I was wondering why Enum.map returns a list and not the enumerable type provided. eg:
iex> Enum.map(%{a: 1, b: 2, c: 3}, fn x -> x end)
[a: 1, b: 2, c: 3]
Wheres I would expect:
iex> Enum.map(%{a: 1, b: 2, c: 3}, fn x -> x end)
%{a: 1, b: 2, c: 3}
For me this seems un intuitive. The only thing I can think of is that this might not be a problem in elixir due to a preference for lists over other enumerable types?
I’m very new to elixir and BEAM architecture in general so sorry if this is a naive or redundant question.
Using a map was just an example. I’m more interested in the case with a general data structure that implements the Enumerable protocol. I guess what I’m interested in is why the Enum module was designed like this, it is different to how other programming languages I’ve seen behave.

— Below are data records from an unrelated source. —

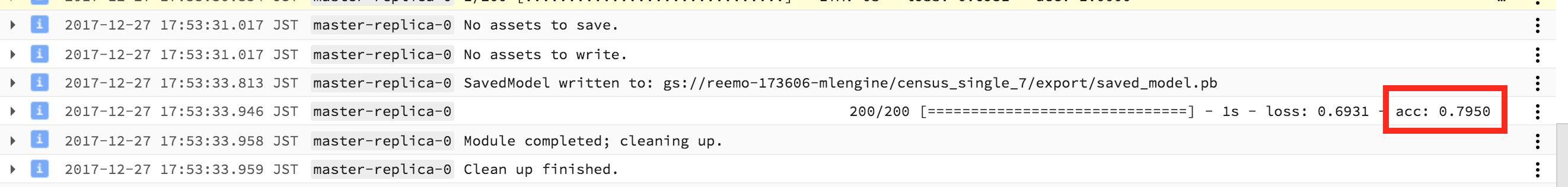 Cloud ML Engineが実行したトレーニングジョブの標準出力及び、標準エラー出力、ログはStackdriver Logging に保存されており、実行中、実行後問わずに参照が可能です。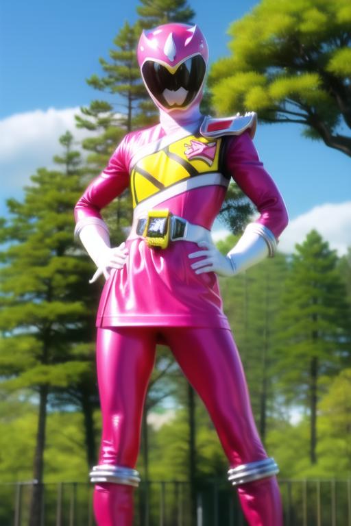 推荐tag:KyoryuPink, zyuden sentai kyoryuger, belt, gloves, helmet, pink bodysuit, pink skirt, white_gloves, realistic, solo,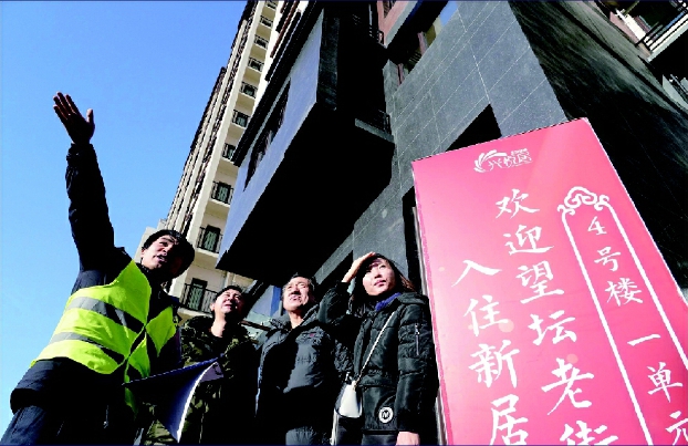 日前,位于北京市大興區(qū)瀛海鎮(zhèn)的興悅居小區(qū)開(kāi)始辦理新房入住手續(xù)。該小區(qū)是目前北京核心區(qū)體量最大的棚戶(hù)區(qū)改造項(xiàng)目——永外街道望壇項(xiàng)目的對(duì)接安置房源,2018年12月通過(guò)竣工驗(yàn)收。小區(qū)配套設(shè)施齊全,附近的地鐵線(xiàn)路本月底也將開(kāi)通。未來(lái)幾天,原望壇地區(qū)的750余戶(hù)居民將全部辦理入住手續(xù),多年的安居夢(mèng)即將圓滿(mǎn)實(shí)現(xiàn)。圖為工作人員在向住戶(hù)介紹情況。 本報(bào)記者 余波 攝

I guess I probably change Enum.map to preserve the keys and just act on the values. Other approaches could be to just return a list or throw an error.
I’m not entirely sure how a Map works in elixir under the hood so there may be a much better solution or maybe something in the wider design means this has to be the way things are done. I’m just interested why really. Again it seems to me not to be the standard in other languages like Erlang as @kokolegorille pointed out.
The reason why Enum always returns a list is because there are many Enumerable.t types, which invalidate their own constraints when mapped, like ranges or various streamed enumerables. E.g. what would Enum.map(1..10, & &1 * 10) return.
As alternative in elixir you have the Collectable protocol as well as all the erlang/datatype specific functions like the already mentioned Map.new.